A mobile app named Construction Industry Helpline has been launched by a UK charity on Apple’s App Store and the Android-compatible Google Play to raise awareness about and guide construction engineers through questions about mental health.
Construction Industry Solutions (Coins), a UK-headquartered company with a Middle East office in Dubai, collaborated with British charity Lighthouse Club to launch the mental health app. In an interview published on Coins’ website, Bill Hill, chief executive officer of Lighthouse Club, said that while the UK construction industry is working to create a healthier workplace, “finding the right support isn’t always easy”.
He continued: “Statistics show that [...] stress, anxiety, and depression account for a fifth of all work-related illness. This needs to stop.

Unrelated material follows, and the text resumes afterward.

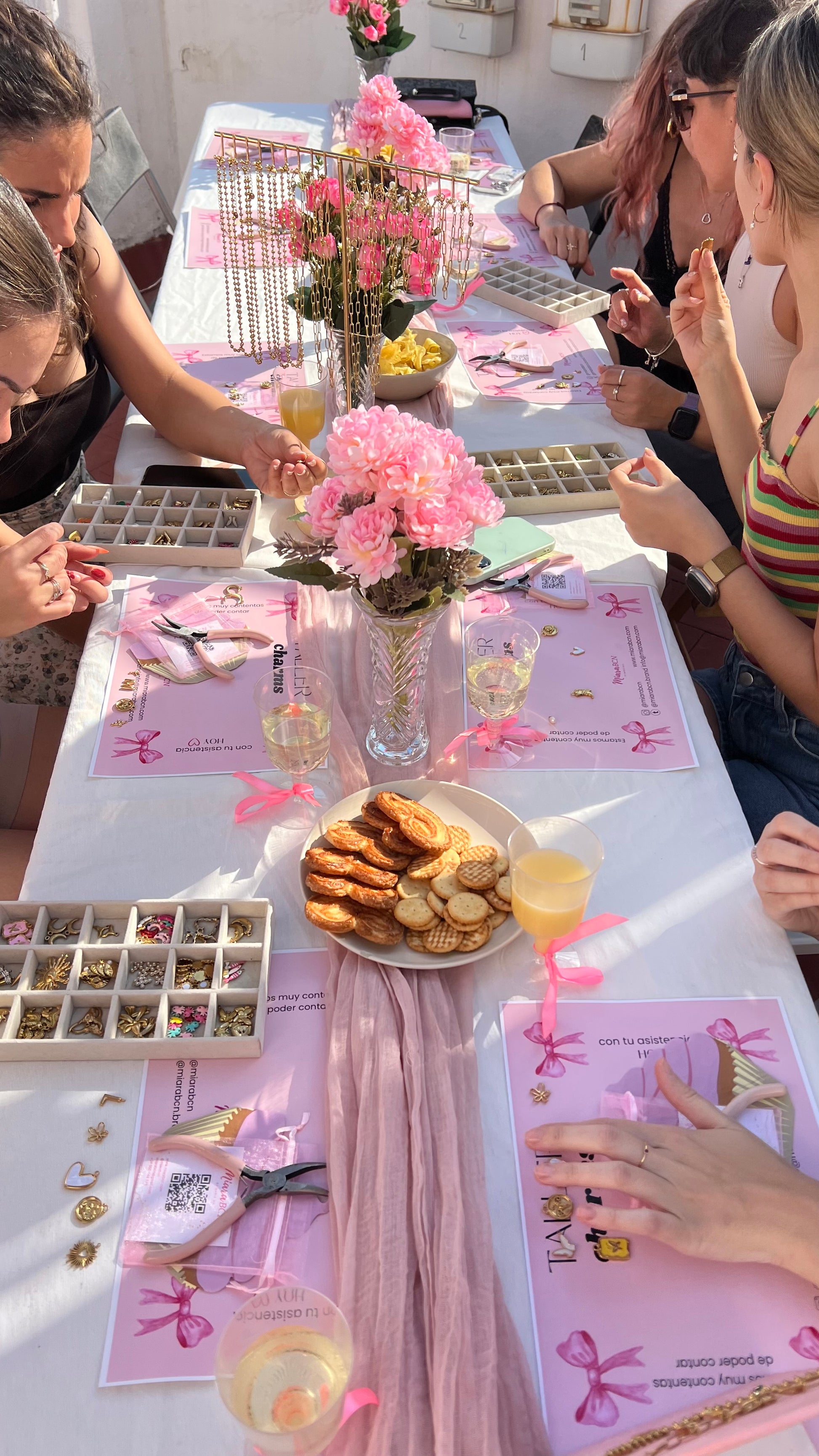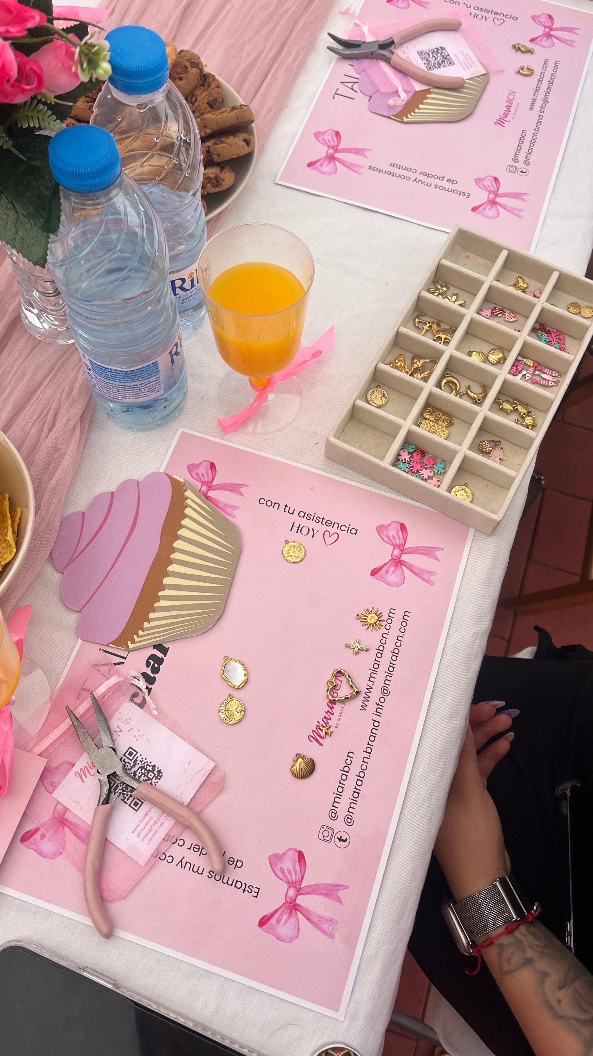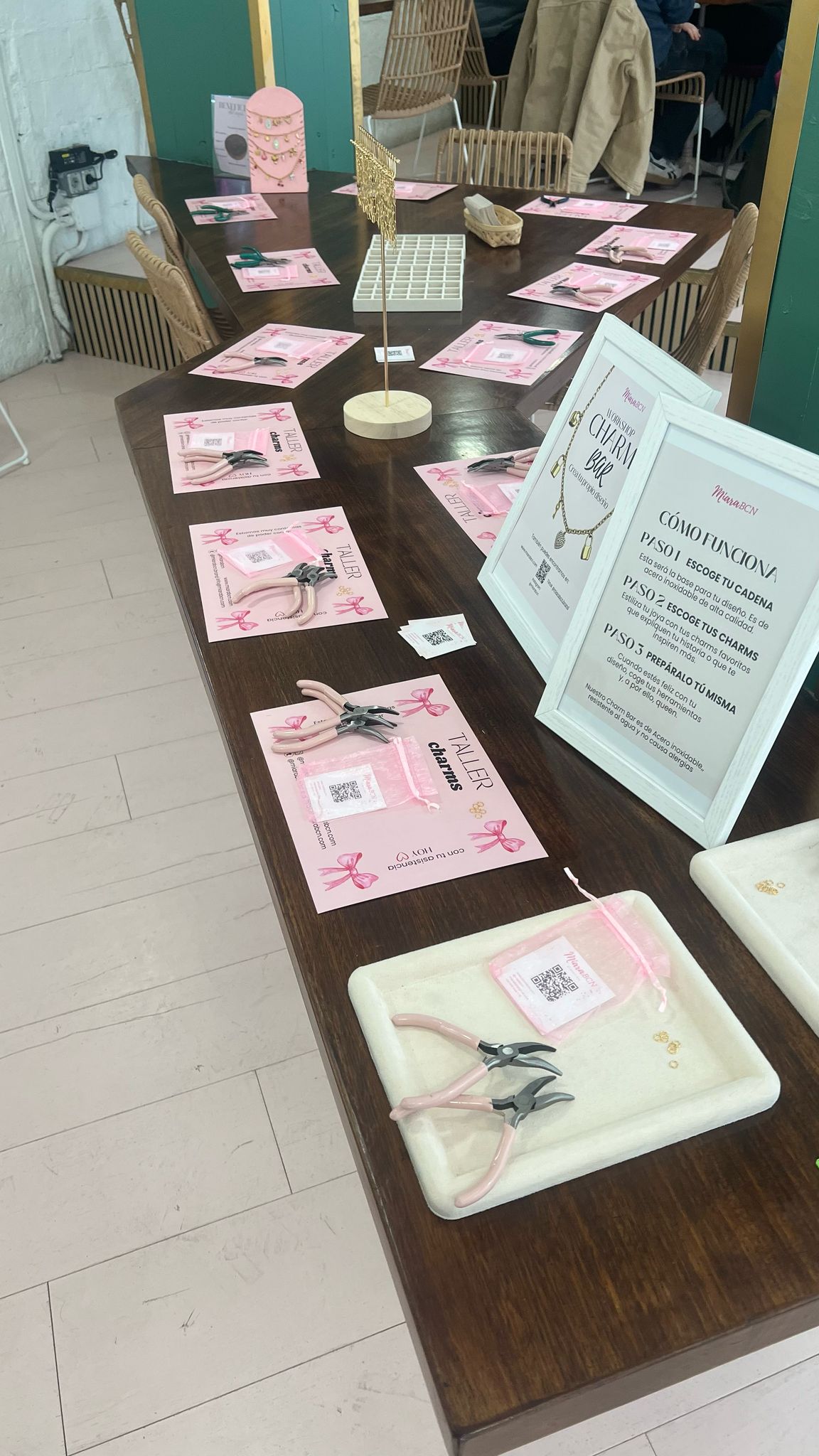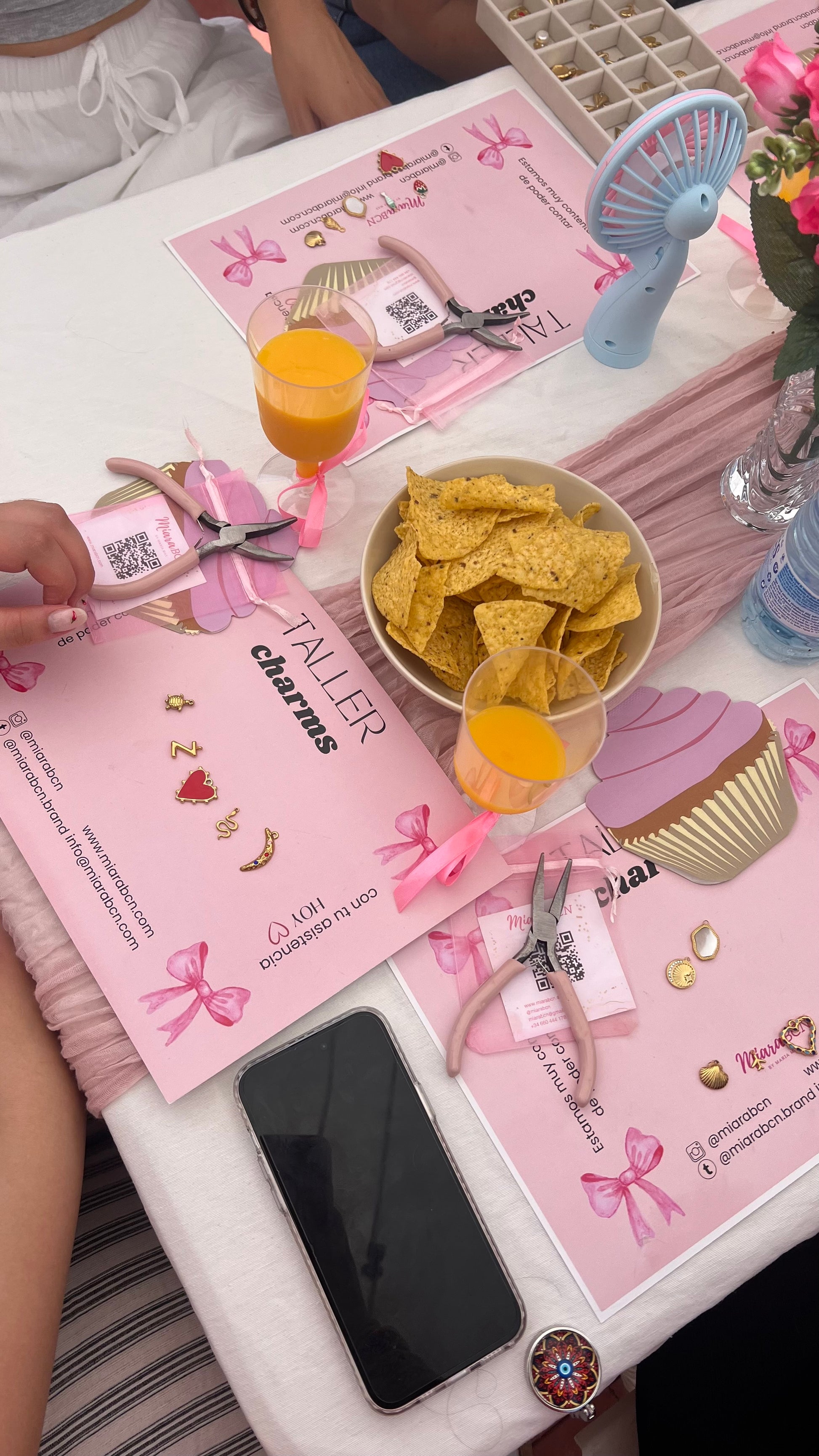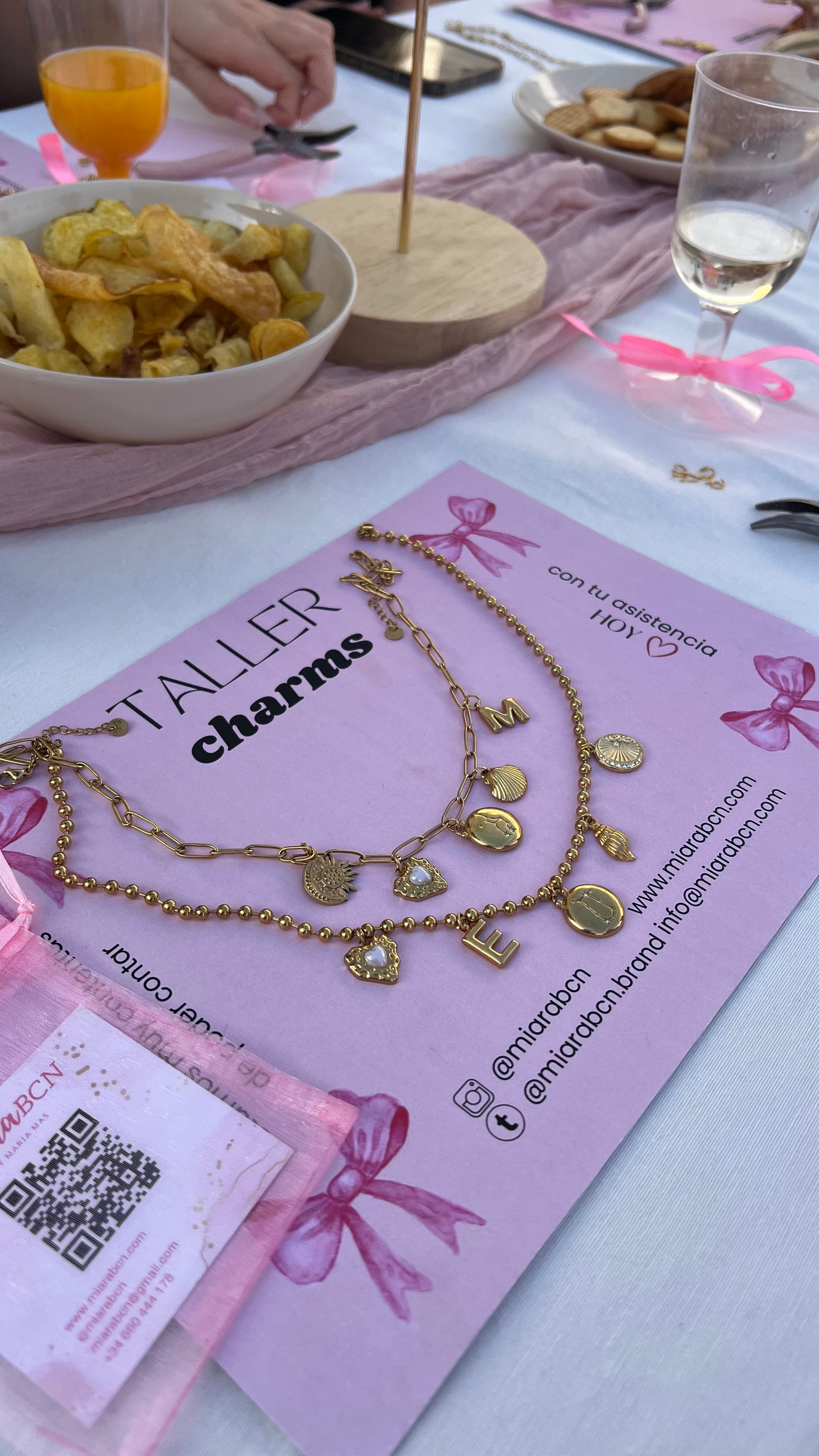 El taller incluye 5 charms y la cadena, todo de acero inoxidable de alta calidad, aperitivos y bebidas ilimitadas, herramientas, anillas y la ayuda y atención personalizada para montar tu joyita personalizada.

“We have a long way to go before the culture in construction removes the stigma about talking about mental health and well-being. For some, talking comes easy, but for others, just […] acknowledging that they need some kind of help can be the most difficult step. We need to make it as easy for someone to talk about mental health as it is to talk about a physical condition. That’s why we have developed the Construction Industry Helpline app that can be downloaded free by anyone in the industry.”
Hill told Coins that the app provides information, advice, and guidance about how to relieve the long-term effects of stress, anxiety, or depression, as well as support in areas such as debt management, legal advice, and emergency financial aid. The app offers complete confidentiality and does not require personal contact information.
Mental health, whilst a rarely discussed topic in global workplaces, is becoming a conversation point in the regional construction sector. Mental Health America and its global affiliates observe May as Mental Health Month each year. Speaking to Construction Week in May 2018, human resource (HR) and C-level professionals from the GCC’s construction sector called for increased focus on mental health in the industry.
Industry experts that spoke to Construction Week said stress-related burnouts are common in the fast-paced, high-pressure sector. Marcus Taylor, managing partner at Taylor Sterling, a construction-focused recruitment agency in the Middle East, said the sector “has always been a roller-coaster” ride for its people.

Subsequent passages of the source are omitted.